His late wife, Frances Knowles was recently welcomed to the South Mole where she spent time with the Command Diving Element at British Forces Gibraltar as well as the CBF Commodore McGhie.

Sydney wrote a book called ‘A Diver in the Dark’ which was published in 2009 by Woodfield Publishing Ltd, an excerpt from the book describes how he became a diver and his time in Gibraltar with the then Lieutenant Crabb. An extract reads: ‘Our only equipment for diving was the Davis Submerged Escape Apparatus, scrounged from submarines which were designed for coming up to the surface to escape from sunken or damaged submarines rather than for going down. We had no diving suits or fins at that time, we just wore swimming trunks and lead-weighted plimsolls.

‘The only problem with this oxygen breathing apparatus was that below 30 feet oxygen under pressure can become poisonous, owing to the alteration in the body’s metabolism.

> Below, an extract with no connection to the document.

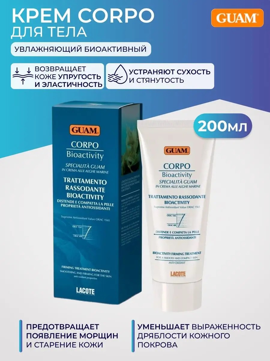 КРЕМ УВЛАЖНЯЮЩИЙ БИОАКТИВНЫЙ ДЛЯ ТЕЛА 200 МЛ / GUAMАктивные комплексы крема подобраны таким образом, чтобы максимально обогатить препарат питательными, увлажняющими и омолаживающими свойствами. Они восстанавливает структуру кожи, возвращая ей природную гладкость, упругость и эластичность, предотвращают обезвоживание, замедляют клеточное старение и увядание, устраняют сухость и стянутость.Возвращает коже упругость и эластичность. Действие активных компонентов крема направлено на максимальное питание и увлажнение кожи. Предотвращает появление морщин и старение кожи, уменьшает выраженность дряблости кожного покрова.Состав крема обогащен инновационной формулой BIOACTIVITYтм (ORAC 1565), которая позволяет в несколько раз увеличить антиоксидантное действие на кожу и эффективно защищает клетки от повреждения свободными радикалами. Применение: наносить 1-2 раза в день утром и/или вечером на все тело массажными движениями до полного впитывания.Активные компоненты: экстракт водорослей GUAM (ламинария), увлажняющий комплекс: экстракт красных водорослей KAPPAPHYCUS ALVAREZII (каппафикус алвареззи), морская вода, глицерин; органические масла авокадо, семян пенника лугового, карите, лецитин/фосфатидилхолин, гидролизированный белок пшеницы, гидролизированные гликозаминогликаны.

On the morning I joined Lieutenant Crabb announced: “We are searching for mines under a couple of merchant ships this morning Knowles” adding that there was an element of danger to the job. He then threw a Davis Set at me, saying, “Try it on. Put that pipe in your mouth, turn the valve on the bottle when you want to breathe and follow me”. A short while later I was diving under a very large ship. And that was how I started my career as a diver.’ frances

Speaking fondly of her husband Frances noted that when Sydney arrived in Gibraltar, following a severe injury aboard the HMS Zulu he volunteered to carry out hazardous duties ashore. She went on to say, ‘there were only six men in the unit and they went out day and night searching Navy and Merchant ships, the whole of the bay was packed out with ships, some they lost, but the majority they saved.’

When Sydney came out of the Navy he set up his own cleaning business; when one of supervisors was leaving Frances, who was working for him as a cleaner, asked if she could have the job, he told her that he had never employed a woman to supervise before only men, Frances was insistent so Sydney agreed to give her a try, this subsequently changed the structure of the business and from then on he always employed women in managerial positions.

Frances commented, ‘he was a modern man for the time and he thought women were underrated as people, he always said they had a hard time.’